======== Data
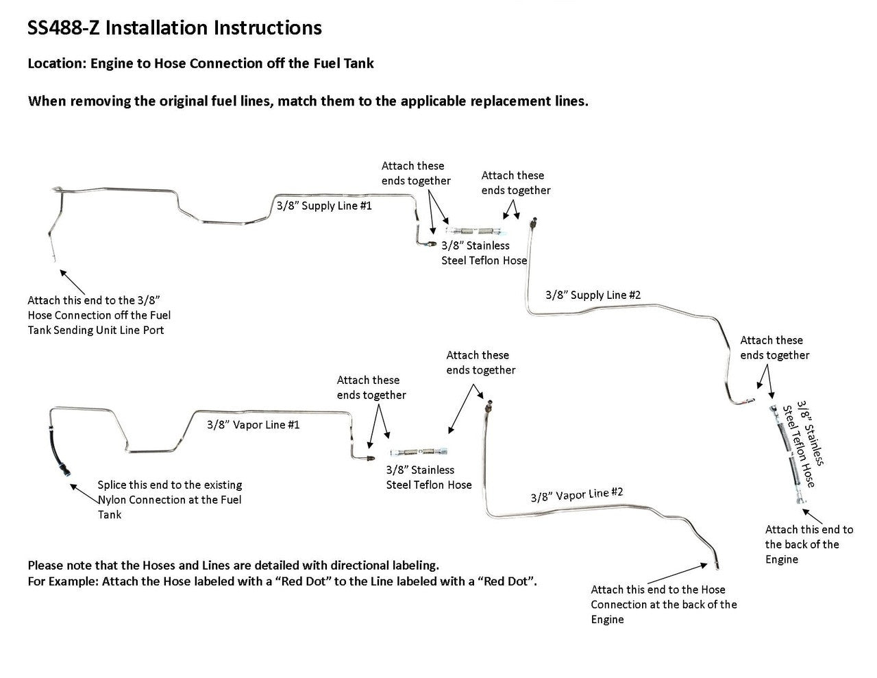 1 supply line 3/8" ( in 2 easy to install sections), 1 vapor line 3/8" ( in 2 easy to install sections), hose to engine connection, hoses to join rear and front section, nylon line with union
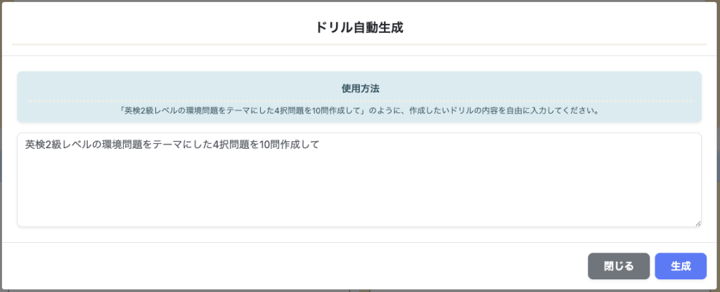 - 詳細はこちら→ヘルプ:生成系AIを利用したドリル自動生成
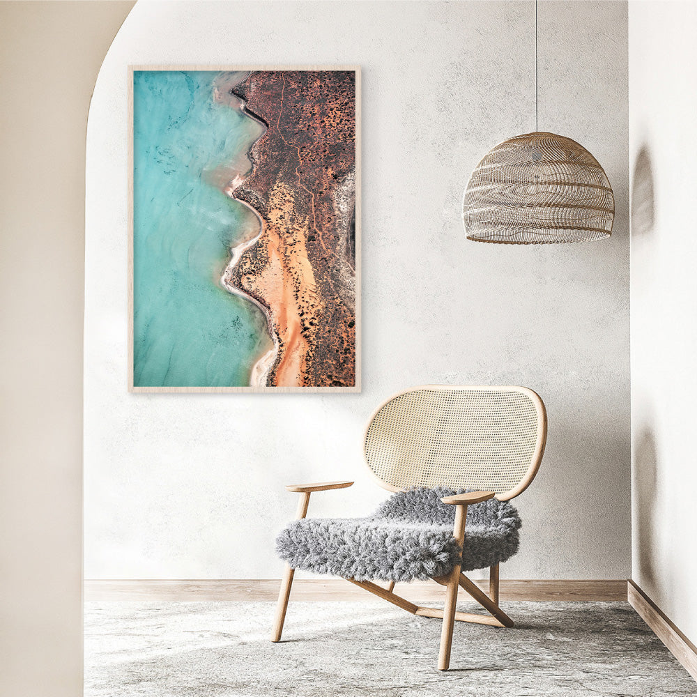 Shark Bay Aerial Beach View VI - Art Print, Poster, Stretched Canvas or Framed Wall Art, shown framed in a home interior space
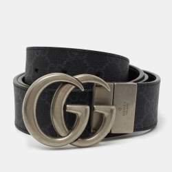 Gucci Black GG Canvas and Leather Cut to Size Reversible Buckle Belt
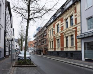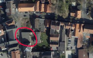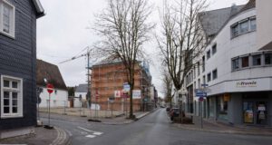 In direkter Nachbarschaft – rechts am Bildrand -stand ein eingeschossiges Gebäude, damals mit einem Modeladen. Dieses Grundstück ist nun jüngst bebaut worden in Angleichung an die angrenzenden hohen Gebäude. Das Grundstück ist im Luftbild rot eingekreist (Quelle: Geoserver Stadt Lippstadt)
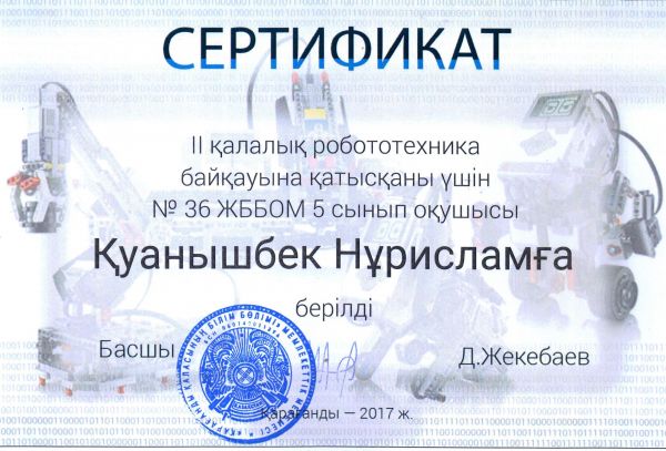ІІ қалалық робототехника байқауына қатысқаны үшін №36 ЖББОМ 5 сынып оқушысы Қуанышбек Нұрислам, 7 сынып оқушысы Қабылқайыров Ілияс, 9 сынып оқушылары Тлеуқұлов Ринат, Камали Ержан сертификатқа ие бо…
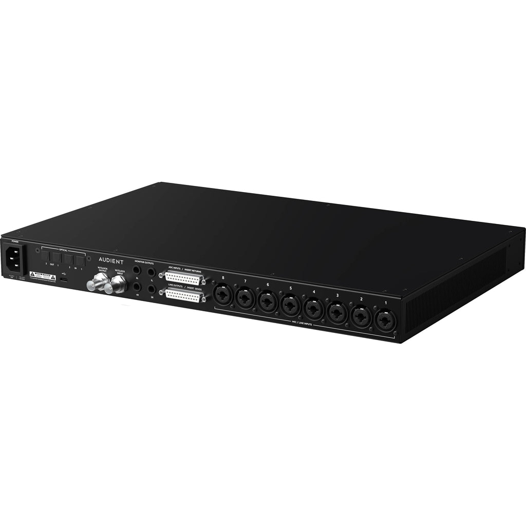 Audient’s top-of-the-line audio interface delivers the performance and value discerning audio professionals demand. This 24-in/32-out USB-C interface culls eight of the company's acclaimed console microphone preamps, two JFET instrument inputs, class-leading 24bit/96kHz converters, ADAT expandability, and a DSP mixer. The mic preamps feature the same circuit design from Audient's renowned ASP8024-HE console with vanishingly low noise and distortion, all while still maintaining the analog character you crave. And with 68dB of gain on tap, you can use your favorite low-output ribbon mic on subdued sources.
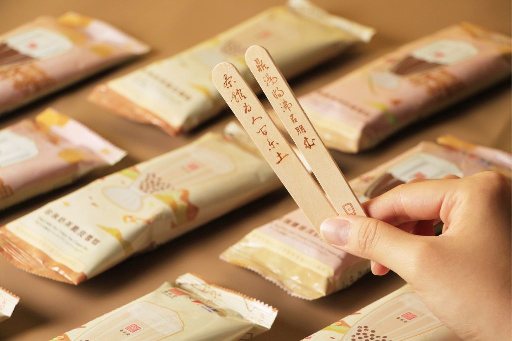 兩款雪糕特別設計印製墨寶文青冰棒棍,將每間春水堂都有的書法作品「鼎湯初沸有朋來、茶館為人間樂土」,搭配珍珠奶茶與蓋杯圖樣,印製在冰棒棍上,文青感十足。
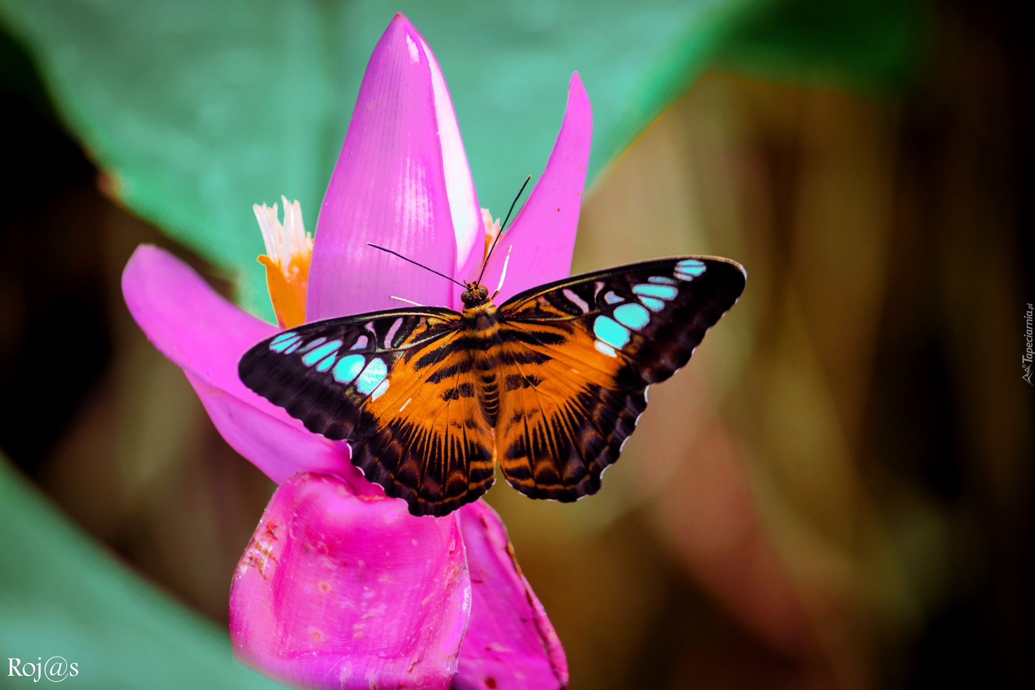Edytor tapety: Kolorowy, Motyl, Różowy, Kwiat, Rozmyte, Tło
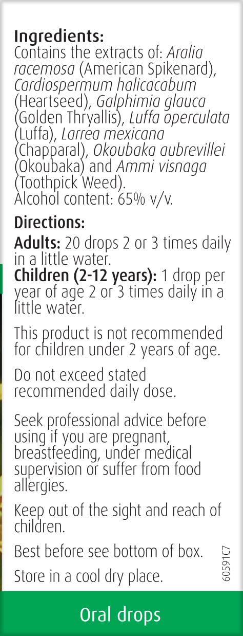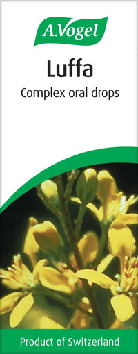 - 7 TROPICAL HERBS: A.Vogel Luffa Complex Drops contains the extracts of Aralia racemosa (American Spikenard), Cardiospermum halicacabum (Heartseed), Galphimia glauca (Golden Thryallis), Luffa operculata (Luffa), Larrea mexicana (Chapparal), Okoubaka aubre villei (Okoubaka) and Ammi visnaga (Toothpick Weed).
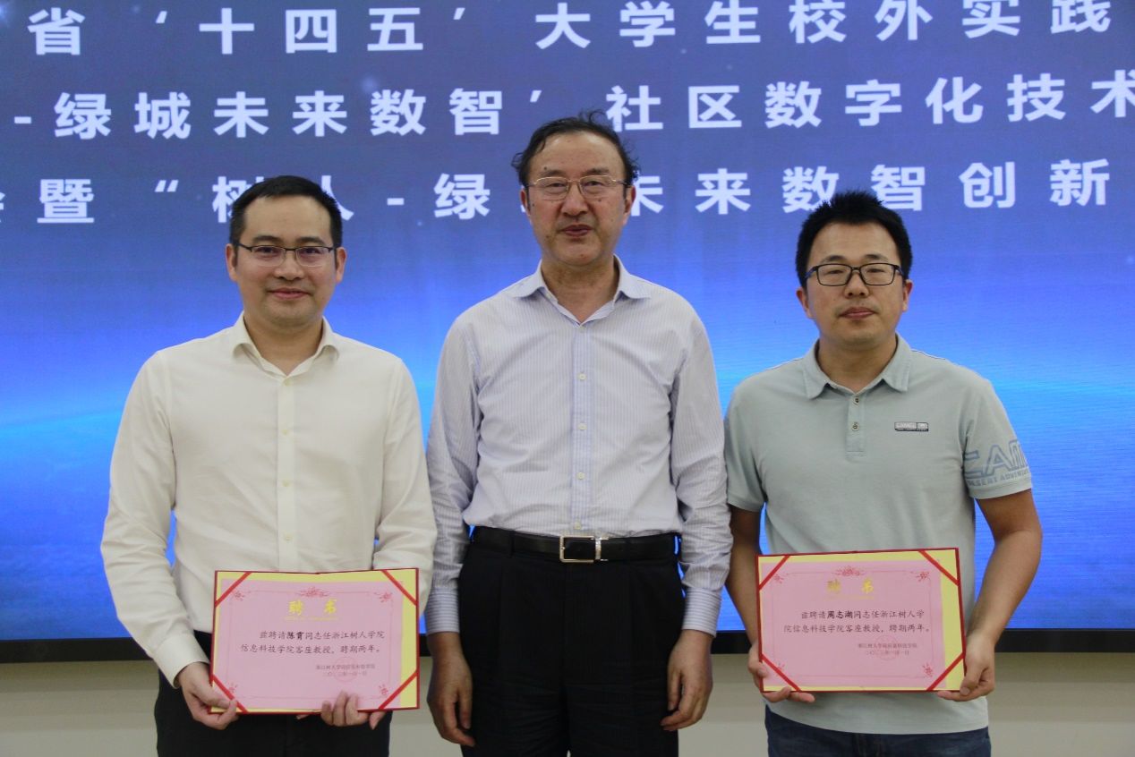 随后进行了“树人-绿城未来数智”社区数字化技术应用实践教育基地的授牌仪式,王万良向陈霄,周志湖颁发了客座教授证书。
================
#### Exercise description:
Reproduce exactly the lines above from the one with "兩款雪糕特別設計印製墨寶文青" through the last line of the data, keeping both ends and dropping the pictures.

#### Final answer:
 兩款雪糕特別設計印製墨寶文青冰棒棍,將每間春水堂都有的書法作品「鼎湯初沸有朋來、茶館為人間樂土」,搭配珍珠奶茶與蓋杯圖樣,印製在冰棒棍上,文青感十足。
Edytor tapety: Kolorowy, Motyl, Różowy, Kwiat, Rozmyte, Tło
 - 7 TROPICAL HERBS: A.Vogel Luffa Complex Drops contains the extracts of Aralia racemosa (American Spikenard), Cardiospermum halicacabum (Heartseed), Galphimia glauca (Golden Thryallis), Luffa operculata (Luffa), Larrea mexicana (Chapparal), Okoubaka aubre villei (Okoubaka) and Ammi visnaga (Toothpick Weed).
 随后进行了“树人-绿城未来数智”社区数字化技术应用实践教育基地的授牌仪式,王万良向陈霄,周志湖颁发了客座教授证书。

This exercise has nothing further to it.